By Kamila Aliyeva
Turkey and Iran, two regional superpowers, will discuss regional issues during the visit of Turkish Chief of Staff Hulusi Akar to Iran.
The sides are expected to discuss the Syrian crisis as well as the referendum on independence in the Kurdish autonomy of Iraq, Turkish media outlets reported on October 2.
The Kurdish Regional Government’s (KRG) held a controversial independence referendum in northern Iraq, including areas disputed between Erbil and Baghdad, on September 25. Election authorities in Kurdistan announced that the independence referendum passed with 92 percent support.
Iraq, Iran and Turkey - countries with Kurdish minorities - have all denounced the referendum as a threat to the stability of a region already beset by conflict, while the United States has expressed similar disquiet.
Earlier, Turkish President Recep Tayyip Erdogan announced that he will pay an official visit to Tehran on October 4.
In the course of the visit, the Turkish president will meet with his Iranian counterpart Hassan Rouhani and supreme leader Ayatollah Ali Khamenei.
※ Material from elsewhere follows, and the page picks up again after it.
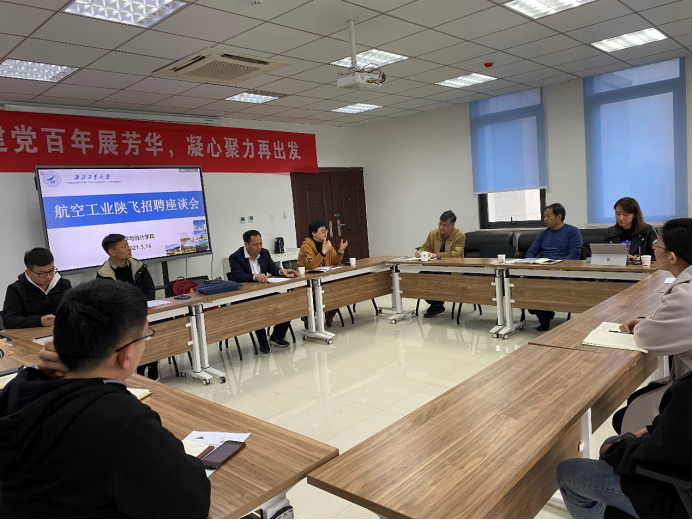 2021年3月16日下午,航空工业陕西飞机工业有限责任公司赴公司开展招聘座谈会,陕飞公司人力资源部/党委组织部部长张海琪,人力资源部人事处处长杨怀斌,人力资源部人事招聘主管郑椿怀,设计研究院主管设计李昌凡;十大外围足球平台app经理聂玉峰,党委副书记张莹,张胜贵教授,辅导员王刚,兼职辅导员王悦欣、刘鹏及2021届毕业生代表等相关人员参加了此次座谈。

The meetings will discuss bilateral relations, regional issues, the settlement of the Syrian crisis and the situation in Iraq.
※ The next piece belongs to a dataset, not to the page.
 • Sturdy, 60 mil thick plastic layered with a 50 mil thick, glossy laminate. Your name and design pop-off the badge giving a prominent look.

Speaking at the Turkish Parliament's legislative year reception, the Turkish president said the roadmap that Turkey and Iran will follow in response to the controversial referendum and other regional developments will take shape after this visit.
As for Syrian issue, Russia, Turkey and Iran - had agreed on May 4 in the Kazakh capital, Astana, to establish "de-escalation zones" in war-torn Syria. The zones would cover the city of Idlib and certain parts of Latakia, Homs, Aleppo and Hama as well as Damascus, Eastern Ghouta, Daraa and Quneitra.
Syria has been locked in civil war since March 2011. According to UN's special envoy for Syria, Staffan de Mistura, around 400,000 people have died in the conflict while half the population has been driven from their homes.
Government forces are opposed by militant groups belonging to armed formations of various political orientations. The most active are the Islamic State, YPG and PYD.